A high‐performance hybrid supercapacitor electrode based on ZnO/nitrogen‐doped carbon nanohybrid

Hybrid nanomaterials offer promising properties to serve as an electrode for hybrid supercapacitors. Herein, dye (rhodamine B, RhB) encapsulated zeolitic imidazolate frameworks (RhB@ZIF‐8) was synthesized at room temperature via triethylamine (TEA)‐assisted method. The material was used as a precursor for synthesizing zinc oxide embedded nitrogen‐doped carbon (ZnO@N‐doped C) via the carbonization at different temperatures (400°C, 600°C, and 800°C).
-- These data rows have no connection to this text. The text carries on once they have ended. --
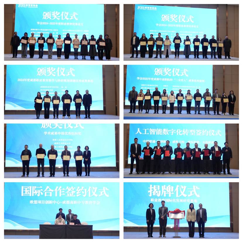 开幕式现场的颁奖、签约与揭牌三项仪式,亮点纷呈、意义深远,成为职教赋能教育强国建设的重要实践载体。为树立职教发展标杆、激励同仁深耕教研,大会对学会2024—2025年度职业教育优秀论文、学会2025年度成都中高职院校办学成果优秀案例、学会职业教育教学与科研规划课题优秀成果典范、学会“三全育人”优秀成果案例,以及学术成果申报优秀组织奖等多项先进集体与个人予以表彰。
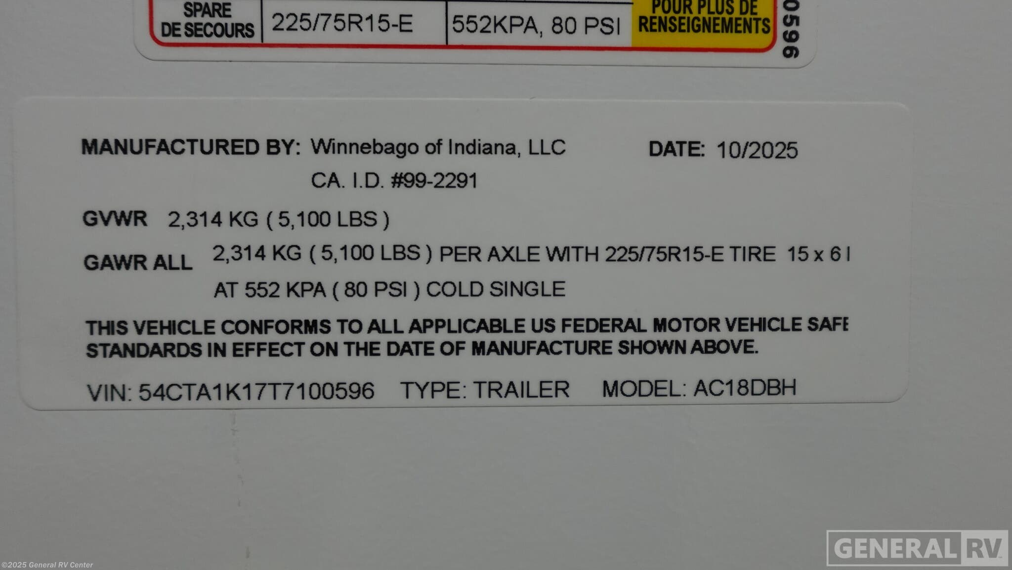 The 2026 Winnebago Access 18DBH is your ticket to unforgettable adventures with family and friends. Designed to make camping comfortable, affordable, and fun for everyone, the thoughtfully crafted 18DBH floorplan offers a residential queen-sized bed for parents to unwind, plus spacious 48" x 68" bunk beds that the kids will love. Make lasting memories together gathered around the cozy 38" x 68" dinette for meals, games, or planning your next excursion, and enjoy a roomy 30" x 36" shower that feels like home. With abundant storage throughout, the 18DBH has room for everyone’s essentials—from sports gear to cozy blankets—ensuring you’re always ready for a comfortable escape. The center kitchen and living area create an inviting space for gathering. The full-size refrigerator and two-burner cooktop make meal prep a breeze, whether you're whipping up breakfast or a gourmet dinner. With its powered retractable awning, the Access 18DBH extends your living space to the outdoors, perfect for enjoying the scenery or dining al fresco. Despite its compact 22.6-foot length, this RV is packed with features, including ample pass-through storage for all your gear. The automatic heater ensures comfort in any season, making this the ideal choice for year-round travel. Discover the freedom and flexibility of RV life with the Winnebago Access 18DBH. For more details or to see it in person, visit your nearest General RV dealership.
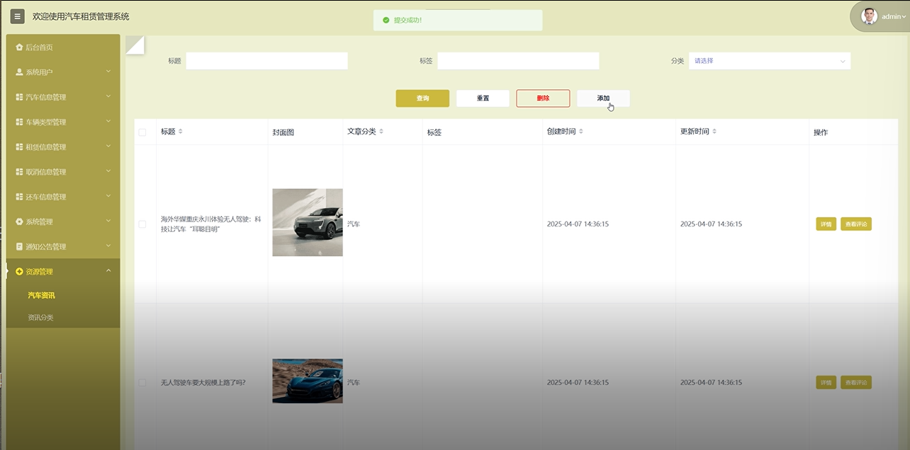 汽车资讯:用户可以在系统中浏览与汽车租赁相关的资讯,如汽车市场动态、车型推荐、租赁技巧等。

The materials were characterized using X‐ray diffraction (XRD), thermogravimetric analysis (TGA), differential thermal analysis (DTA), high‐resolution transmission electron microscope (HR‐TEM), energy‐dispersive X‐ray mapping (EDX), nitrogen adsorption–desorption isotherm, and X‐ray photoelectron microscope (XPS). ZnO@N‐doped C nanocrystals (15–20 nm) were used as an electrode for a hybrid supercapacitor. ZnO@N‐doped C exhibited a high capacitance of 1200 F·g−1 at a current density of 1 A·g−1 without losing any capacitance (87.7% of initial capacitance) even after 1000 galvanostatic charge–discharge cycles (GCDCs). The presence of a guest molecule such as RhB improved the capacitance of the carbonized ZIF‐8 two‐fold compared with the carbonized materials using conventional ZIF‐8. Hybrid nanomaterials (zinc oxide embedded nitrogen‐doped carbon (ZnO@N‐doped C)) was synthesized using dye (RhB) encapsulated zeolitic imidazolate frameworks (RhB@ZIF‐8) via the carbonization. ZnO@N‐doped C was used as an electrode for a hybrid supercapacitor showing a high capacitance of 1200 F·g−1 at a current density of 1 A·g−1 without losing any capacitance (87.7% of initial capacitance) even after 1000 cycles.